Adraba staff shared a PowerPoint and video of the program, which described the curriculum and preparation process for the more than 200 students enrolled in 30 Israeli schools.
Ruth Rubin Lavie, who came on aliyah in 1978, began playing “Hinei Mah Tov” on her guitar. She is a congregant, b’nai mitzvah teacher and singer who regularly volunteers her musical talents by accompanying on guitar at the services. “It is inspiring every time to see the happiness of kids coming to the Torah and of parents’ kvelling,” she said.

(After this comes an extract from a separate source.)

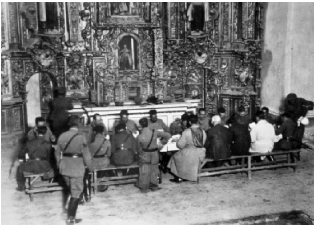
El general Joaquín Amaro y un grupo de oficiales federales comiendo frente al altar de una iglesia, ca. 1928.

más del esfuerzo por formar un Estado fuerte. Como principal ingrediente, éste debía contar con un centro político capaz de ejercer autoridad plena sobre los diversos grupos sociales dispersos a lo largo del territorio nacional. El centro sería el gobierno federal, encabezado por el presidente de la República. Durante el siglo XIX los grupos gobernantes habían fallado en la consecución de ese objetivo político. Si a lo largo del periodo porfiriano el gobierno federal había logrado acrecentar su fuerza, la Revolución de 1910 la había debilitado y fragmentado en gran medida. ¿Cómo construir un núcleo político fuerte, capaz de evitar rebeliones como la de Agua Prieta de 1920, la delahuertista de 1923-1924, la escobarista de 1929 y de inhibir el fortalecimiento de caudillos y caciques en las distintas regiones del país?

Guests used the red, hardcover B’chol D’rachecha accessible siddur, for which the Adraba Center and the Masorti Movement have received awards from the Shalem Foundation (2010) and JDC-Ashalim. The siddur utilizes simple explanations, various colors and fonts, and picture icons that assist those unable to read standard Hebrew.

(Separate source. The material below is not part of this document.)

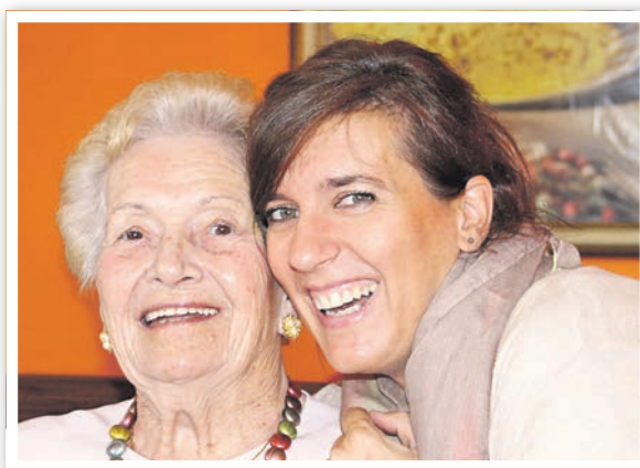
Menschen mit Demenz brauchen Begleitung.

Die Schwedter Kontakt- und Beratungsstelle für Demenzkranke und ihre Angehörigen arbeitet trägerübergreifend und ist im Netzwerk Demenz mit Sozialstationen, Ärzten, Heimen und anderen sozialen Diensten verbunden. Die Leiterin verfügt über vielseitige und fundierte Erfahrungen im Umgang und bei der Arbeit mit Erkrankten sowie bei der Beratung Betroffener und deren Angehörigen. Unterstützt wird sie durch hauptamtliche Mitarbeiterinnen und Mitarbeiter

Throughout the entire service, Aviv and Yair’s teachers patiently stood next to them with smiles on their faces. The teachers helped their students remain on task and facilitated student reading and singing with their augmented communication devices.
The service kicked off with the young men offering personal blessings. “Thank you, God, for giving me the ability to smile and be with my family.”
Goldstein and the teachers consistently modeled sensitivity, respect and inclusivity for all participants and guests. Prior to the central Amidah prayer, Goldstein asked: “Those who are able, please stand.” When the b’nai mitzvah boys had difficulties remaining at the bimah, a staff member seamlessly walked with them around the room until they were ready to return to the service.
Each boy was called to the Torah by name to recite the Torah blessings. Goldstein served as the Torah reader. Yair’s mother, Iris Elkobi, addressed her son, saying “despite the challenges, you are a leader in all areas. … Your dream is to be a millionaire—always listen to your dreams!”
Iris added, “This program is so special. It is a big mitzvah. The bar mitzvah is important for him and for the family, too.”
His father, Chaim, is proud of all five of his sons, but noted that this bar mitzvah was particularly miragesh, “emotional” in Hebrew. He elaborated, “It was so special seeing Yair in his tefillin. Today is a d’var kadosh—‘a holy event.’ ”
Yair’s school bus driver, Aron, grew emotional when he described the significance of the bar mitzvah. “This program is more important than tanks and missiles,” he said, acknowledging the amount of money Israel spends on defense while also emphasizing the need for ongoing funding to support the b’nai mitzvah program.
At the end of the service, Yair and Aviv received their own personalized copy of the siddur, as well as personalized blessings from parents and teachers. The ceremony took place under a large tallit. The young men were then showered with candy, lovingly tossed by kvelling guests.
The celebration continued with a festive breakfast of bread, salads, cakes and pastries outside in the synagogue’s specially decorated garden.
As the guests said their final “Mazal Tovs,” Adir and Yair left to return to school. The Adraba staff now turned their attention to the 20 students looking forward to celebrating their same milestone before the school year ends. In a few months, it will be time to begin preparing even more Israelis with disabilities for their special days.